Multiple-comparisons correction presupposes the false-positive/false-negative error framework because it controls aggregate false positives by trading threshold stringency against missed true effects.

Children (3) — more specific cases that build on this

Benjamini–Hochberg Procedure Domain-specific is a kind of Multiple Comparisons Correction

Benjamini-Hochberg is multiple-comparisons correction specialized to a rank-based step-up rule that controls false discovery rate rather than familywise error rate.
Bonferroni Correction Domain-specific is a kind of Multiple Comparisons Correction

Bonferroni Correction is a strict specialization of Multiple Comparisons Correction.
Look-Elsewhere Effect Domain-specific is a kind of Multiple Comparisons Correction

The Look-Elsewhere Effect is multiple-comparisons correction specialized to a scanned or continuous search space, where a local extremum is converted to global significance through an effective trials factor.

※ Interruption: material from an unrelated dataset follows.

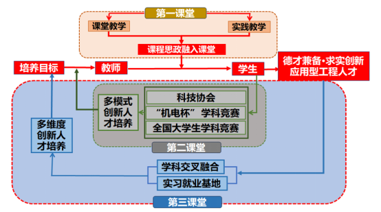 打造“强调基础与专业相结合、理论与实践相结合”的“第一课堂”;依托机电工程训练中心、创新实验室、三菱电机实验室等实践平台,采用“一二课堂贯通”模式,开展以实践创新能力训练、学科竞赛等为主要内容的“第二课堂”活动;以产教融合为支撑,依托智能制造产业学院和校外实践基地,创建工程意识养成,工程能力和工匠精神培养的“第三课堂”。“三课堂”融合人才培养模式初显成效。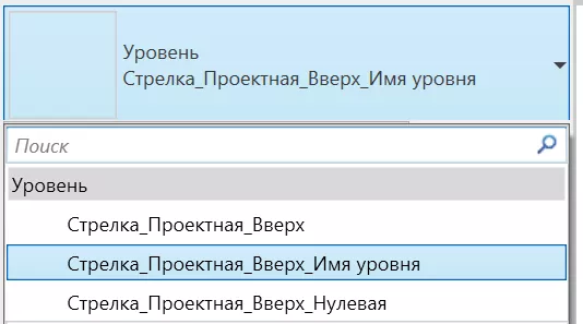 В шаблоне создано несколько типов уровней с различной информацией в отметке уровня. Каждый из типов использует различные типоразмеры семейства «003_Обозначение_ОтметкаУровня» (см. Рисунок 49).

Hierarchy paths (6) — routes to 6 parentless roots

Multiple Comparisons Correction → Type I & Type II Errors → Hypothesis Testing (Null vs. Alternative) → Statistical Inference → Inductive Reasoning

Not to Be Confused With¶

Multiple Comparisons Correction is not Hypothesis Testing (Null vs. Alternative) because Multiple Comparisons Correction is a correction procedure applied when conducting multiple tests to control family-wise error rates, while Hypothesis Testing is the framework for a single test controlling Type I error at the per-test level.
Multiple Comparisons Correction is not Statistical Power because Multiple Comparisons Correction manages false-positive inflation from multiple testing, while Statistical Power is the probability a test correctly rejects a false null hypothesis given effect size and sample size.
Multiple Comparisons Correction is not Reproducibility & Replicability because Multiple Comparisons Correction addresses inflated false-positive rates within a study, while Reproducibility & Replicability is the independent verification of findings across studies or analyses.
Multiple Comparisons Correction is not Statistical Significance (p-Value) because Multiple Comparisons Correction adjusts significance thresholds or p-values to control error rates across multiple tests, while Statistical Significance evaluates each test's p-value against a threshold.
Multiple Comparisons Correction is not Confirmation Bias because Multiple Comparisons Correction is a statistical procedure controlling for systematic inflation of false positives, while Confirmation Bias is a cognitive phenomenon of selective processing favoring held beliefs.